I get that this could be leveraged by people who think that cos there are some sexually fluid people then sexuality is something that can be modified - but those people are missing the point.
Even saying you are sexually fluid doesn't mean there's a path to being totally straight - that's not how any of this works.

the thing is that it undermines gay rights. The thing is that we don’t live in a post gay world. I don’t want to say that it’s bad thing. Sexuality is a void that impossible to explain. Do you really want to go back to the point where anyone who engages in homosexuality is thought deviant?
 
the thing is that it undermines gay rights. The thing is that we don’t live in a post gay world. I don’t want to say that it’s bad thing. Sexuality is a void that impossible to explain. Do you really want to go back to the point where anyone who engages in homosexuality is thought deviant?
How exactly does representing some people with sexual fluidity undermine gay rights?..

if anything, it can only work to expand on them given gay rights overlaps with all sorts of queer presentations of sexuality.

I have no idea what you mean by a "Post gay world"..

I also have no idea how recognising that sexuality is neither always static - nor broken into the Gay/Straight binary ..or even Gay/Straight/bi - means I "really want to go back to the point where anyone who engages in homosexuality is thought deviant"

It's also worth noting that the post I was responding to literally made the claim that fluidity doesn't exist.. As someone who is pretty sexually fluid - I have a bit of an issue with people gatekeeping human sexuality based on their own personal experience.
 
How exactly does representing some people with sexual fluidity undermine gay rights?..

if anything, it can only work to expand on them given gay rights overlaps with all sorts of queer presentations of sexuality.

I have no idea what you mean by a "Post gay world"..

I also have no idea how recognising that sexuality is neither always static - nor broken into the Gay/Straight binary ..or even Gay/Straight/bi - means I "really want to go back to the point where anyone who engages in homosexuality is thought deviant"

It's also worth noting that the post I was responding to literally made the claim that fluidity doesn't exist.. As someone who is pretty sexually fluid - I have a bit of an issue with people gatekeeping human sexuality based on their own personal experience.

Postgay- a society where homosexuality is accepted as the norm without the cost to one's social standing.
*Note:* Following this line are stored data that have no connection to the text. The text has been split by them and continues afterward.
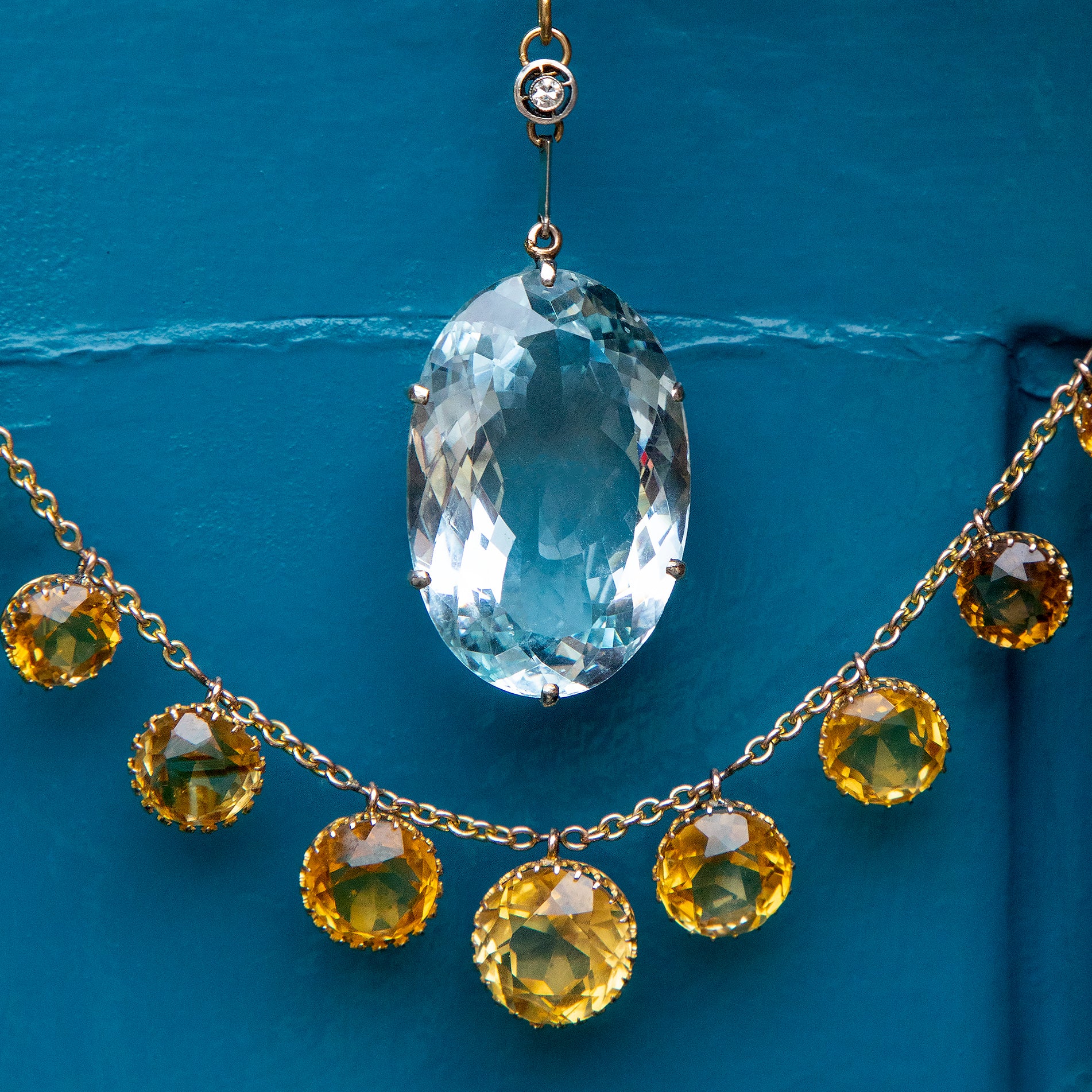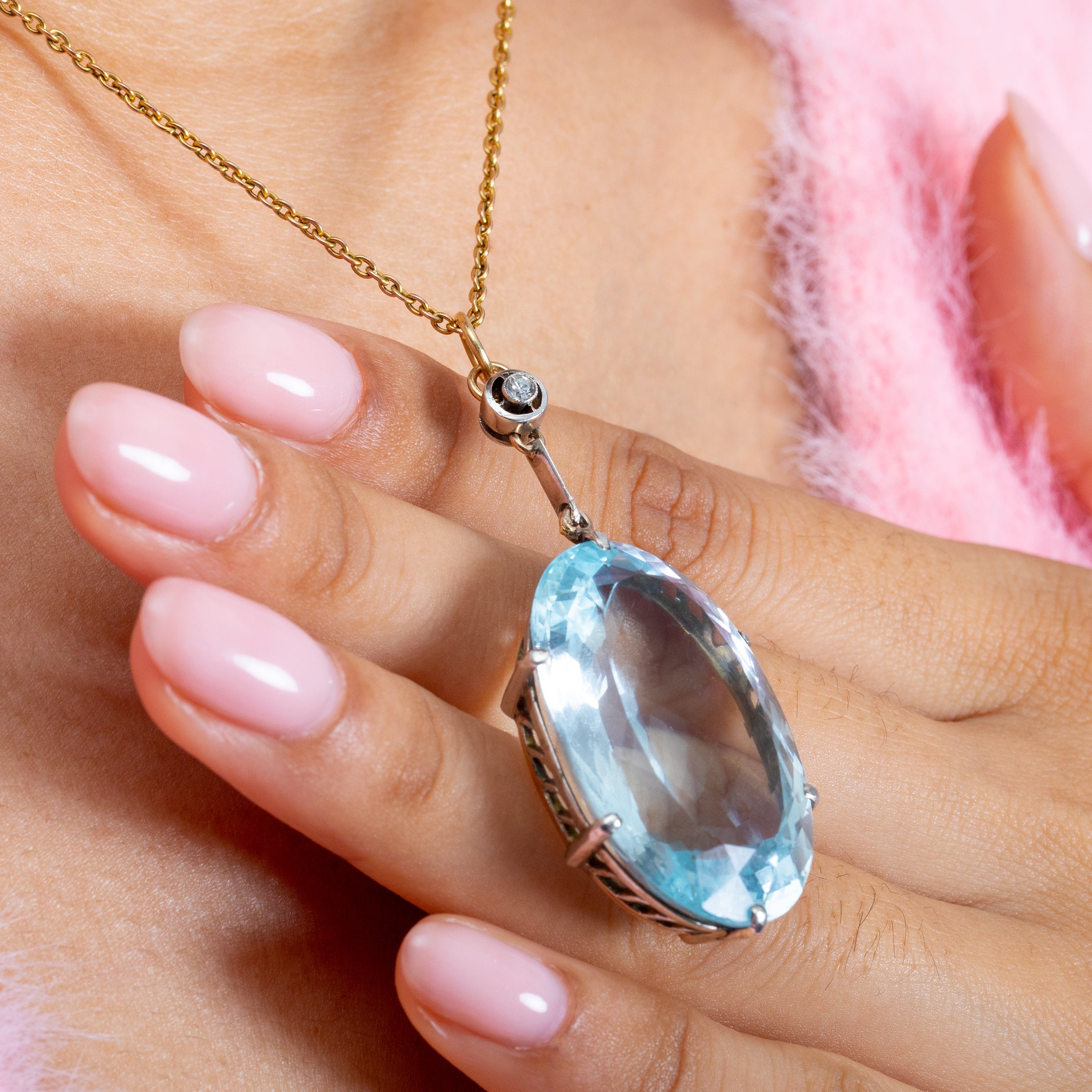 We simply adore this large antique Aquamarine oval pendant! Exuding glacial blue hues from every dazzling facet of her 39.00ct Aquamarine, this splendid Edwardian pendant will charm its way into being your new favourite piece.
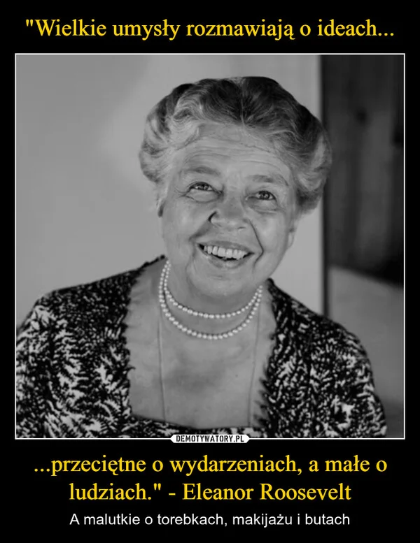 "Wielkie umysły rozmawiają o ideach... ...przeciętne o wydarzeniach, a małe o ludziach." - Eleanor Roosevelt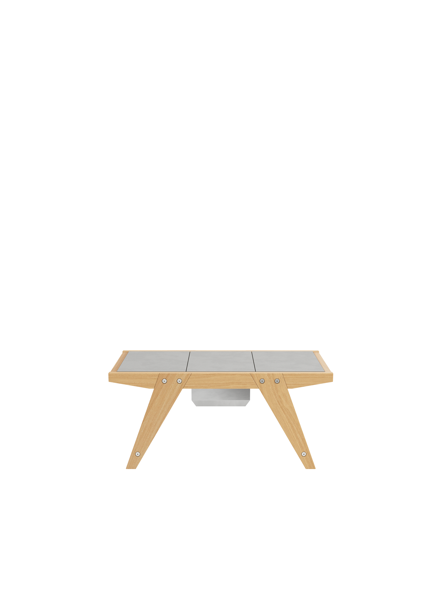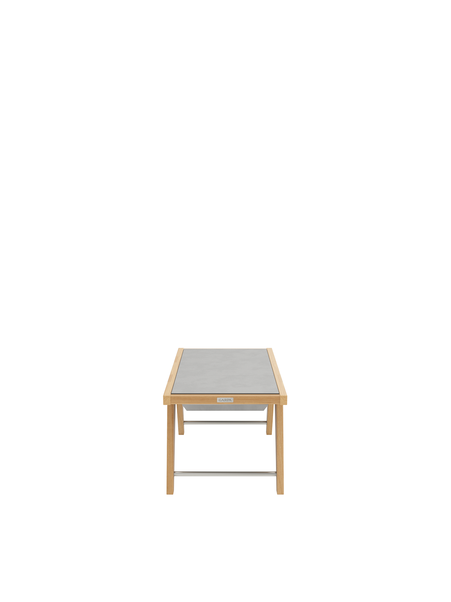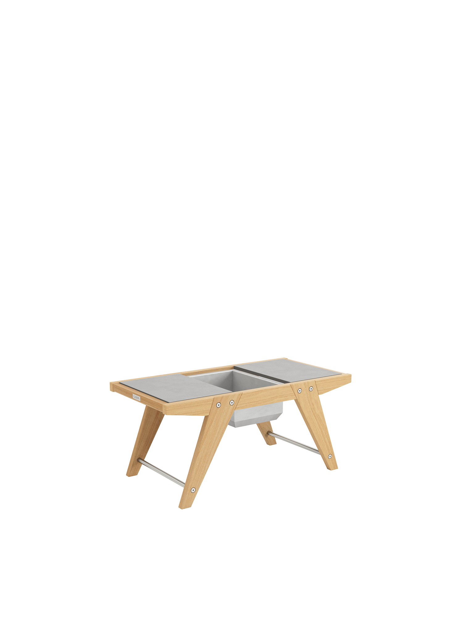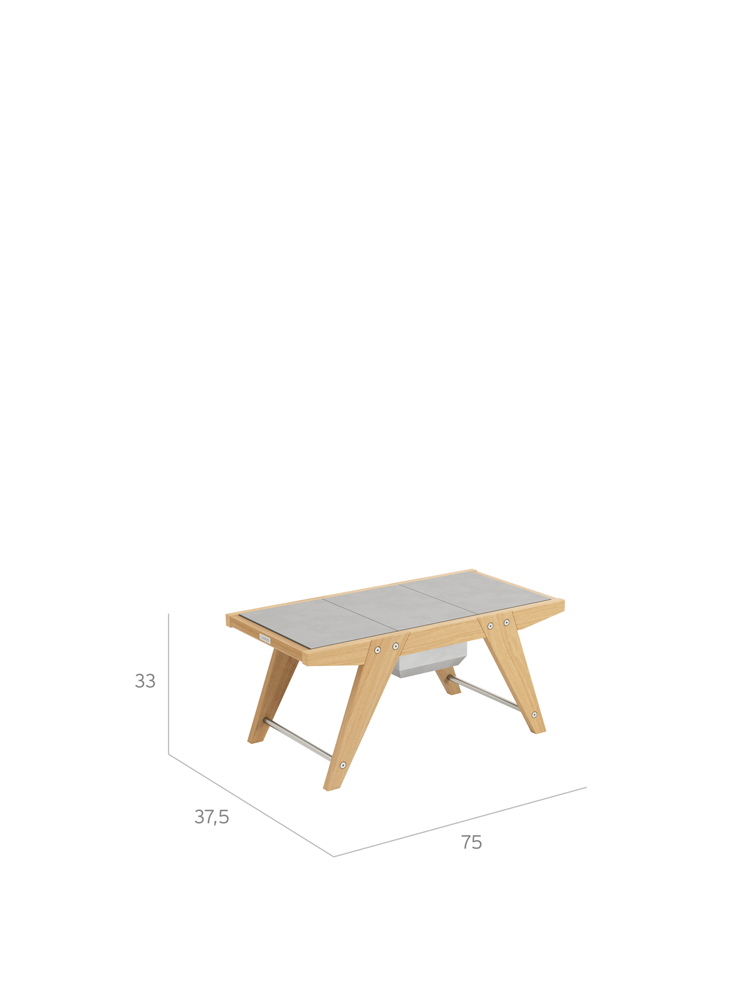 Die Doppia Beistelltische aus Teak sind in drei Varianten und mit Oberflächen aus Teak oder Kunstharz erhältlich. Die Tischplatte des rechteckigen Beistelltisches mit Einsatz lässt sich zu beiden Seiten hin öffnen. Im eingelassenen Edelstahlbehälter finden Utensilien Platz; mit Eis gefüllt, hält er sogar Getränke kalt.

Basically, doesn't exist.

Sexual Fluidity does exist. I am not denying that. My point is that queerness and gay rights are probably incompatible. Gay rights was based on the argument that gayness was like race. Biologically determined and immutable. One of the major reasons why people don't want homosexuals around children is because they believe that homosexuality is a social contagion. Queerness argues that heterosexuality and homosexuality are essential in nature and that it's sexual constructed in nature. So you're basically arguing that homosexuality could be caught. The conservatives and Christians would love an argument like that.

I feel that gay rights is about upholding and integrating into the social order. While queerness is about breaking and undermining the social order.

You do know what the Europeans, specifically North Europeans, used forms of sexuality that outside of monogamous-heterosexual norms to justify colonizing the world. However, most societies have some form of sexual taboos and sexual restraint. And in most cultures that had up homosexuality, passive homosexuality was looked down upon. Outcast at worst, jester at best.

To me, it's about protecting gay rights even if comes at the expense of throwing other queers under the bus.